На минуту опаздывает. Придет ли?
За деревьями появилась фигура. Он прошел сквозь толпу детей, положил руку учителю на плечо. Эти двое заговорили, подошедший указал в мою сторону. Учитель кивнул.
Радислав Зайиц быстро приблизился и остановился метрах в пятнадцати от меня, опустив руки по швам, как мальчишка, которому велели не ковыряться в носу. Он казался ниже, чем я помнил, но лицо все то же, те же шрамы от оспинок и седая щетина. Костюм гладкий, как броня, с идеальными складками, словно еще один слой новой кожи.
– Я спросил учителя, видит ли он, что ты тут сидишь, – сказал Зайиц. – Он сказал, что да.
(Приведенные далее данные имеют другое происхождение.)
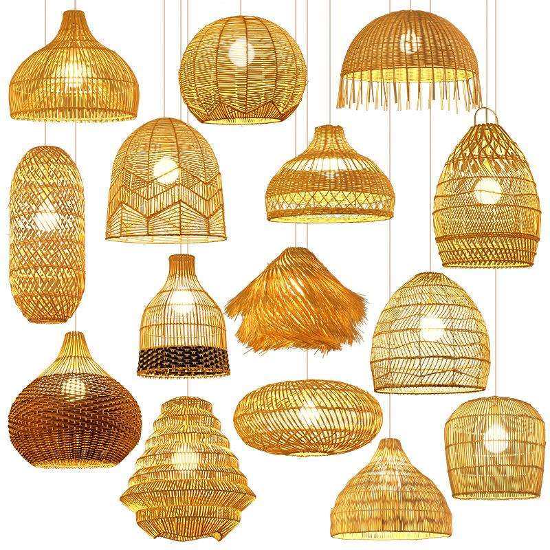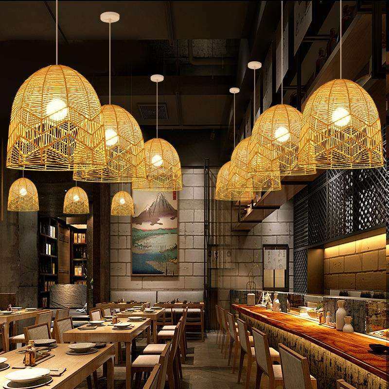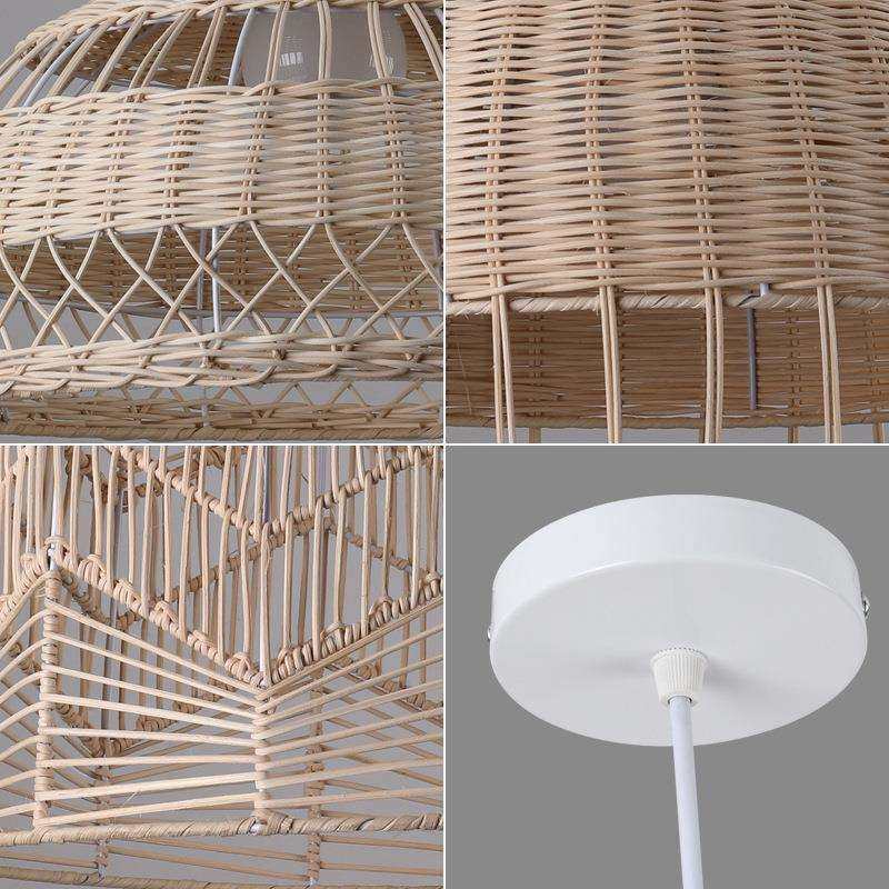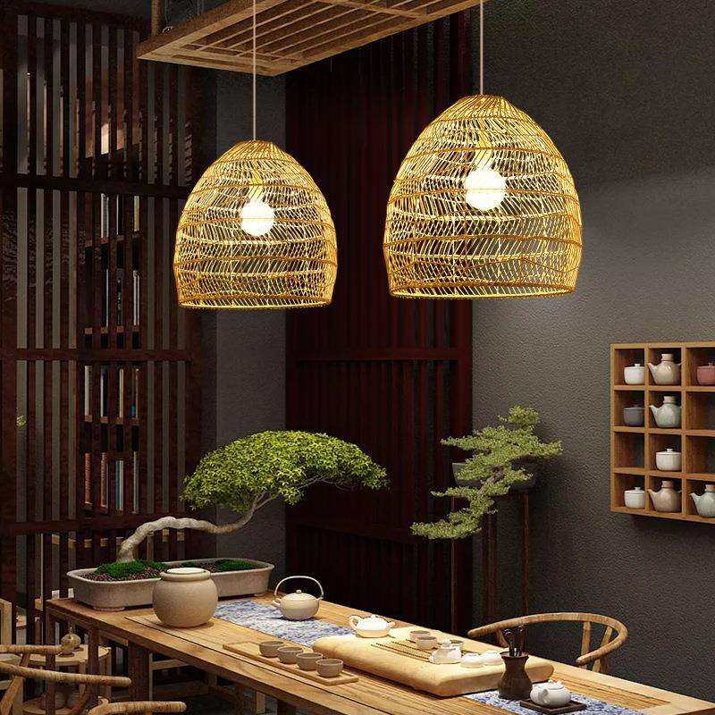 藤艺吊灯创意个性餐厅吧台民宿饭店圆球形复古竹编鸟巢草帽装饰灯

Я поднялся и подошел к Человеку-Башмаку. Теперь я был выше его ростом.
– Ты и сам меня видишь.
– Вижу, Якуб. Ты здесь. И ты стал похож на отца.
Он узнал меня сразу. Он и раньше меня знал. Теперь он был последним живым свидетелем моих ранних лет. Доказательством, что дни детства не были миражом. Тошнота и гнев постепенно рассеялись сами собой. Присутствие Человека-Башмака меня успокаивало.
Теория вероятности исследует математические абстракции недетерминированных событий. Она также изучает измеряемые параметры, которые могут быть единичными либо случайным образом изменяться с течением времени. Если последовательность случайных событий повторяется многократно, закономерности можно обнаружить и изучить, таким образом создается иллюзия, что наблюдатели – люди – способны рассчитывать и понимать хаос. Но что, если наше существование – предмет исследования вероятностей для самой Вселенной?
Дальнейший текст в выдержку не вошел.